WHAT IS EXPECTED - All entries are to be transcribed verbatim, but images are not carried over.

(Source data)
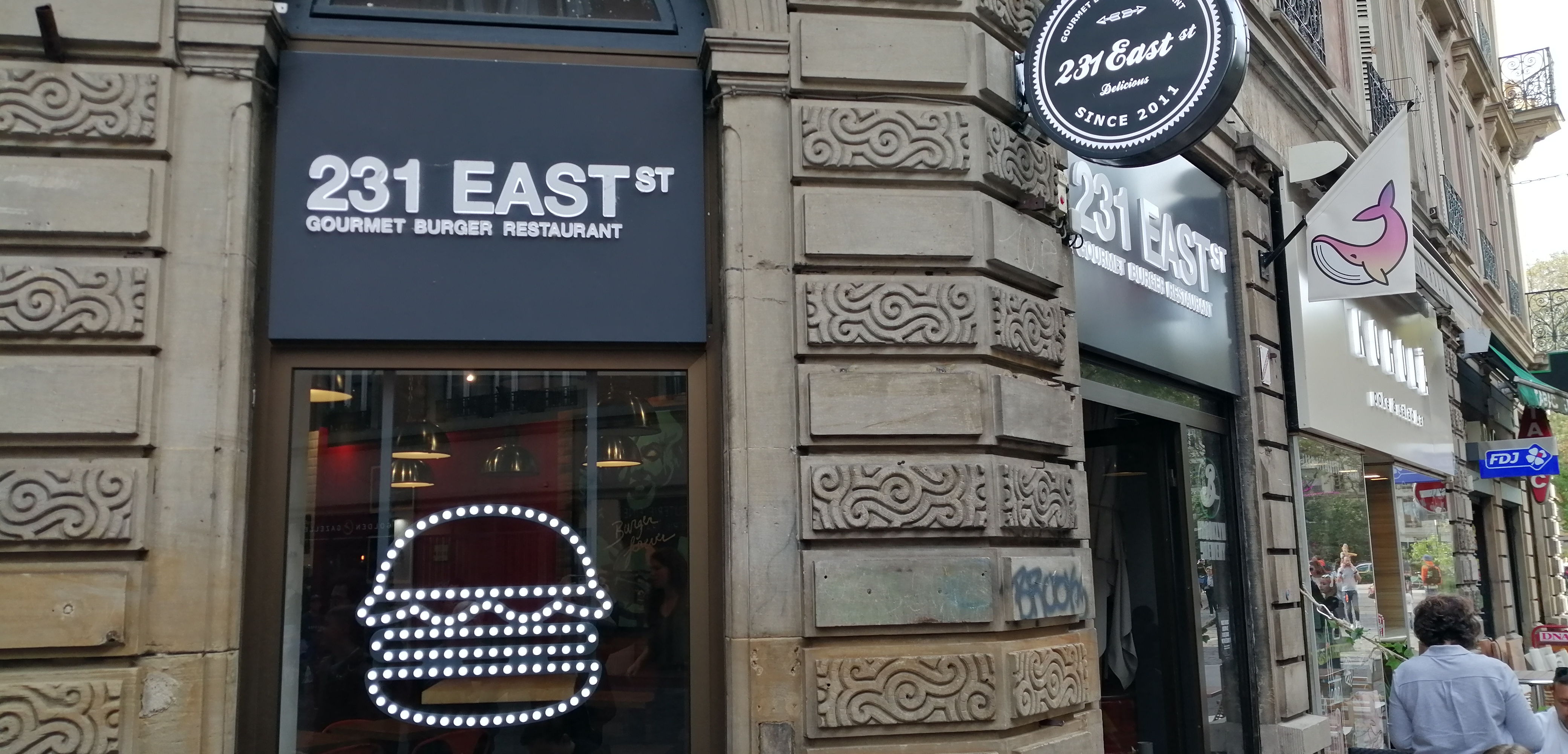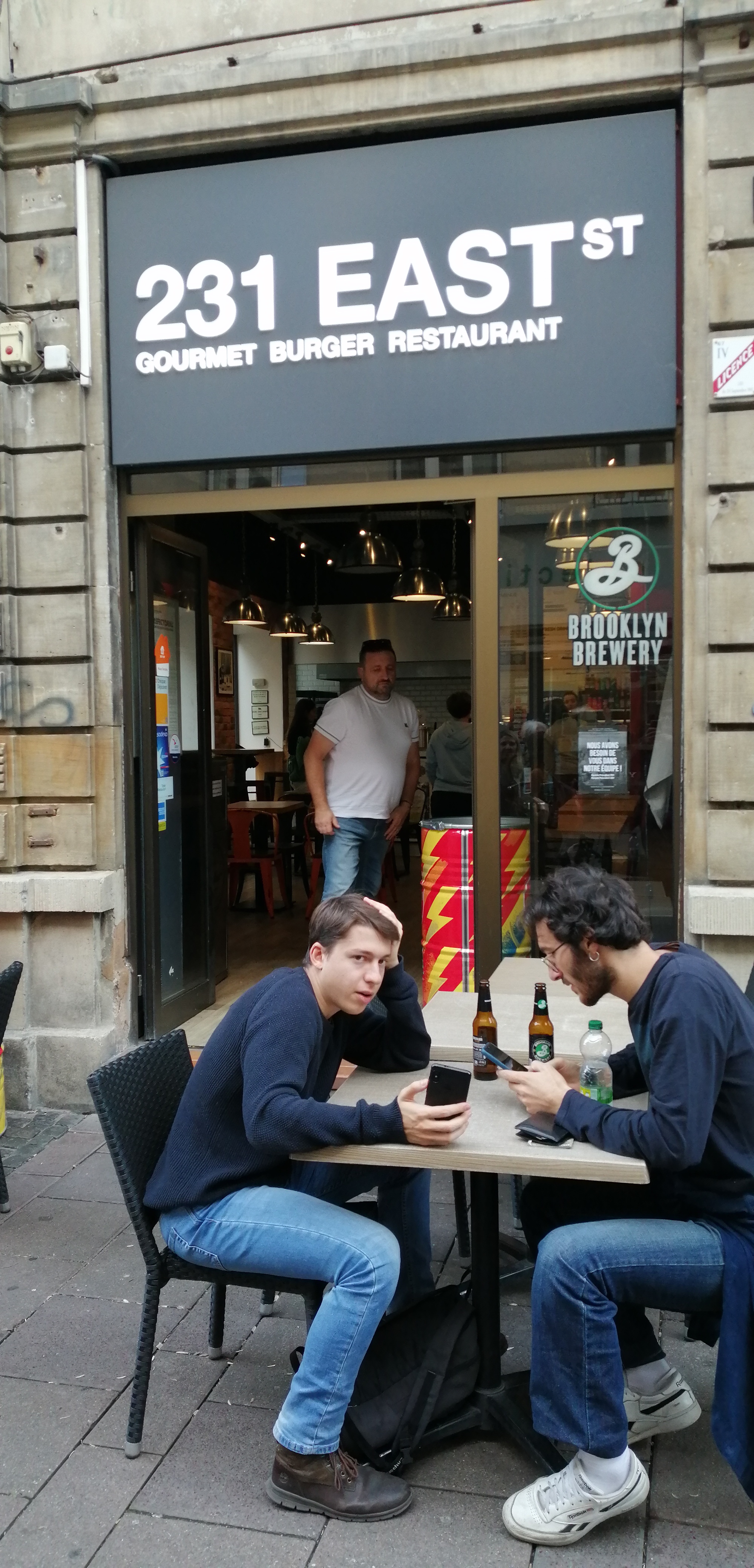 Je n'étais pas allée au 231 East depuis un moment, je trouvais que les burgers étaient devenus trop gras/baignants dans la sauce. Ce qui reste encore le cas je trouve. J'y suis retournée ce soir prendre à emporter. J'ai pris et payé un menu, et arrivée chez moi j'ai été très déçue de constater qu'on avait oublié mes frites... Pourtant on avait bien pensé à mettre les sauces dans le sachet... J'ai voulu appeler et le numéro du restaurant Austerlitz n'est pas sur internet ! À 10min de la fermeture, ça ne servait à rien que je revienne... Un oubli, cela peut arriver, mais de ce que je lis sur les autres avis, apparemment c'est habituel. Dommage... Mais ce n'est pas grave, on ne manque pas d'enseignes pour manger de bons burgers à Strasbourg avec un service plus qualitatif.
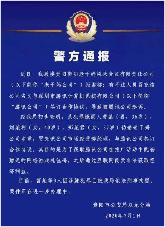 7月1日,贵阳市公安局双龙分局发布通报称,犯罪嫌疑人曹某、刘某利、郑某君3人伪造老干妈公司印章,冒充该公司市场经营部经理,与腾讯公司签订合作协议。其目的是为了获取腾讯公司在推广活动中配套赠送的网络游戏礼包码,之后通过互联网倒卖非法获取经济利益。目前,3人因涉嫌犯罪已被刑事拘留,案件正在进一步办理中。
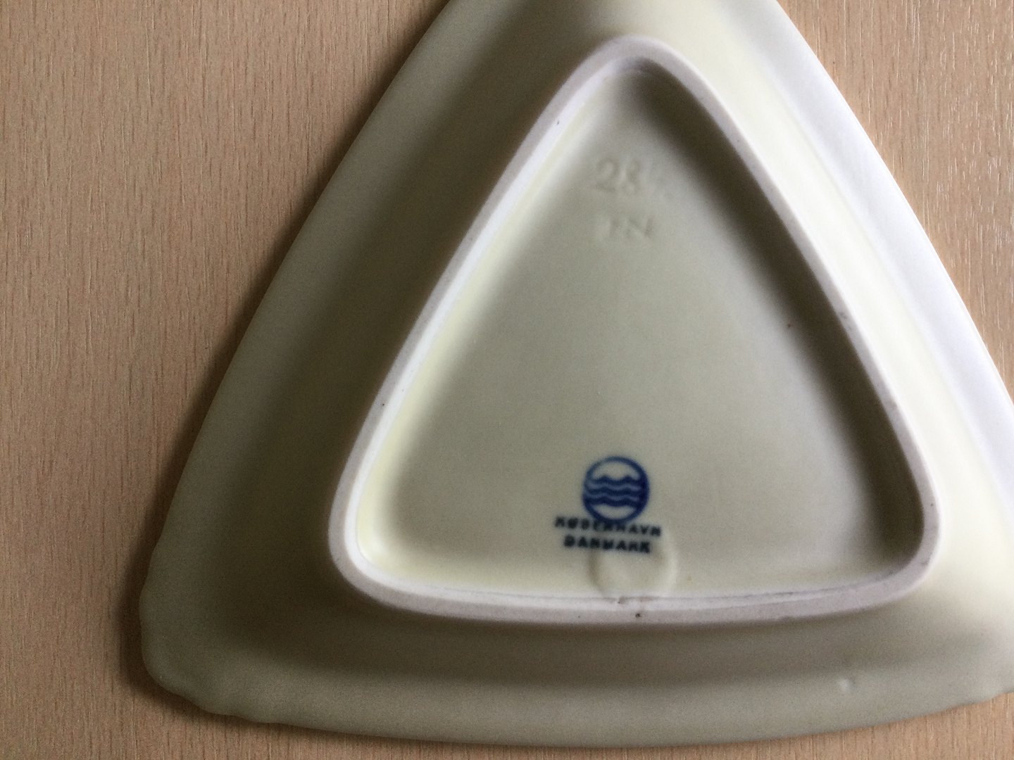 Trekantet korpus med creme glasur og blå tekst.
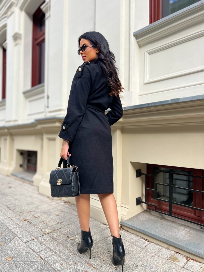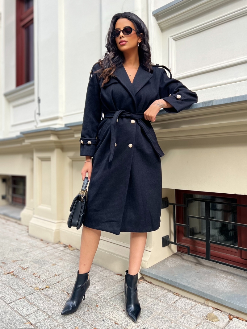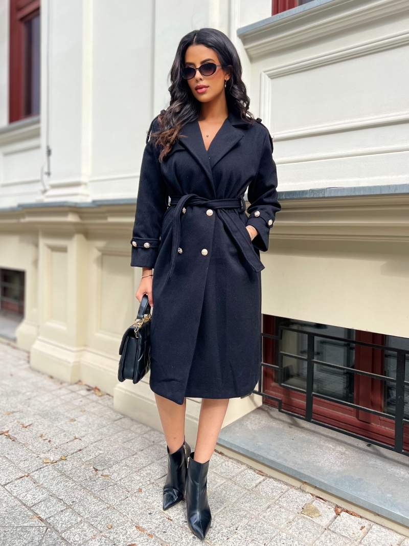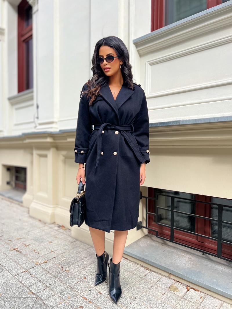 Płaszcz długi z paskiem złote guziki Sanne– Elegancja na każdą okazję!
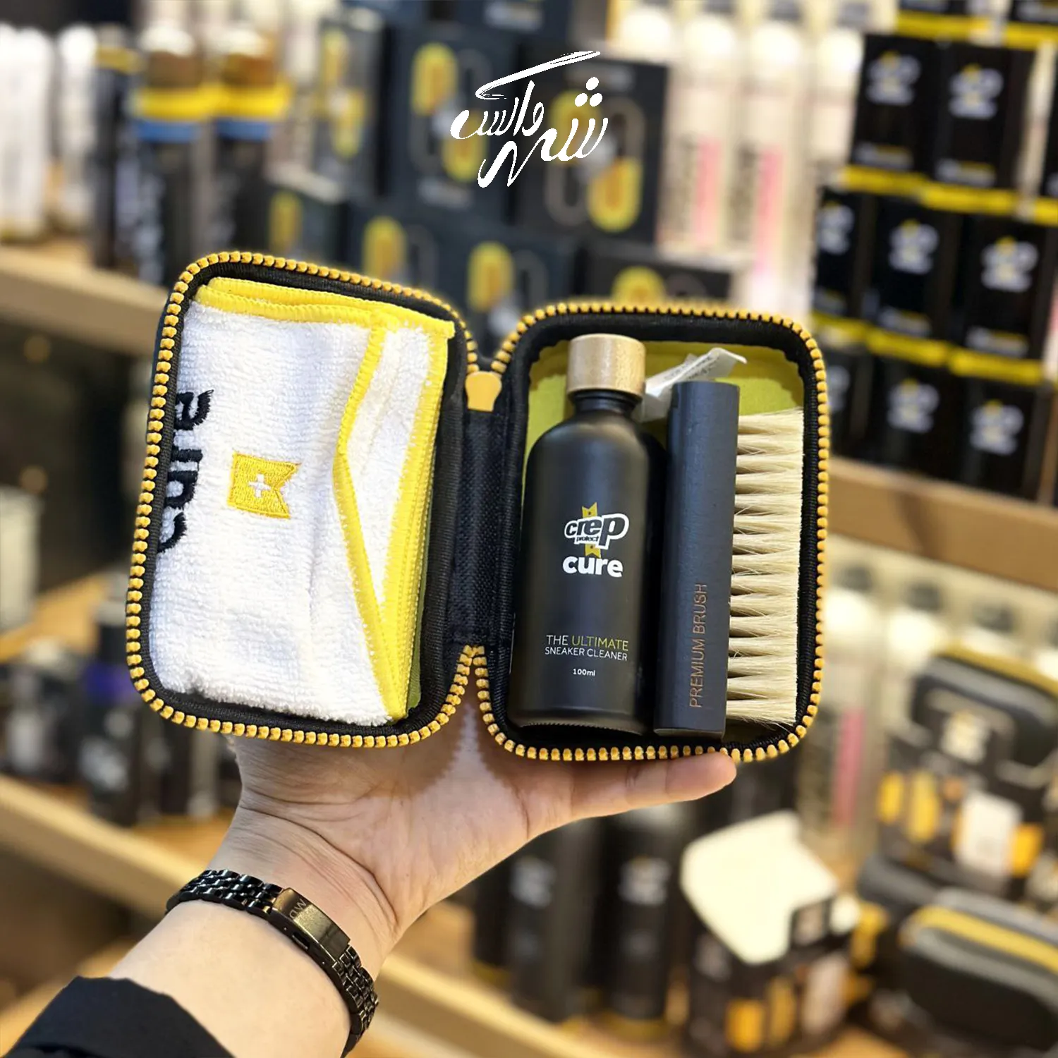 یک پک بسیار کاربردی برای اینکه همیشه کفش های شما تمیز باشد فرقی نمی کند از چه جنسی باشد کیت مسافرتی تمیز کننده کفش کرپ crep cure travel kit کفش های شما را مثل روز اول تمیز خواهد کرد. این پک شامل یک برس بسیار با کیفیت یک دستمال مایکروفایبر و یک محلول 100 میلی لیتری تمیز کننده است . کافیست چند قطره از تمیز کننده را روی برس ریخته و آن را به آب بزنید و بعد روی کفش خود بکشید تا چرک و کثیفی ها از روی کفش شما کاملا پاک شود سپس با پارچه مایکروفایبر کفش خود را تمیز کنید همین کفش شما به سرعت مثل روز اول خود نو شده است. بسته بندی این محصول یک پک بسیار قوی و زیباست که چندی سال همراه شما خواهد ماند. کمپانی کرپ پروتکت انگلستان با کیفیت ترین محصولات مراقبت از کفش را با عنوان محصولات کرپ پروتکت به بازار عرضه کرده است

OUTPUT FOR THIS EXERCISE -
 Je n'étais pas allée au 231 East depuis un moment, je trouvais que les burgers étaient devenus trop gras/baignants dans la sauce. Ce qui reste encore le cas je trouve. J'y suis retournée ce soir prendre à emporter. J'ai pris et payé un menu, et arrivée chez moi j'ai été très déçue de constater qu'on avait oublié mes frites... Pourtant on avait bien pensé à mettre les sauces dans le sachet... J'ai voulu appeler et le numéro du restaurant Austerlitz n'est pas sur internet ! À 10min de la fermeture, ça ne servait à rien que je revienne... Un oubli, cela peut arriver, mais de ce que je lis sur les autres avis, apparemment c'est habituel. Dommage... Mais ce n'est pas grave, on ne manque pas d'enseignes pour manger de bons burgers à Strasbourg avec un service plus qualitatif.
 7月1日,贵阳市公安局双龙分局发布通报称,犯罪嫌疑人曹某、刘某利、郑某君3人伪造老干妈公司印章,冒充该公司市场经营部经理,与腾讯公司签订合作协议。其目的是为了获取腾讯公司在推广活动中配套赠送的网络游戏礼包码,之后通过互联网倒卖非法获取经济利益。目前,3人因涉嫌犯罪已被刑事拘留,案件正在进一步办理中。
 Trekantet korpus med creme glasur og blå tekst.
 Płaszcz długi z paskiem złote guziki Sanne– Elegancja na każdą okazję!
 یک پک بسیار کاربردی برای اینکه همیشه کفش های شما تمیز باشد فرقی نمی کند از چه جنسی باشد کیت مسافرتی تمیز کننده کفش کرپ crep cure travel kit کفش های شما را مثل روز اول تمیز خواهد کرد. این پک شامل یک برس بسیار با کیفیت یک دستمال مایکروفایبر و یک محلول 100 میلی لیتری تمیز کننده است . کافیست چند قطره از تمیز کننده را روی برس ریخته و آن را به آب بزنید و بعد روی کفش خود بکشید تا چرک و کثیفی ها از روی کفش شما کاملا پاک شود سپس با پارچه مایکروفایبر کفش خود را تمیز کنید همین کفش شما به سرعت مثل روز اول خود نو شده است. بسته بندی این محصول یک پک بسیار قوی و زیباست که چندی سال همراه شما خواهد ماند. کمپانی کرپ پروتکت انگلستان با کیفیت ترین محصولات مراقبت از کفش را با عنوان محصولات کرپ پروتکت به بازار عرضه کرده است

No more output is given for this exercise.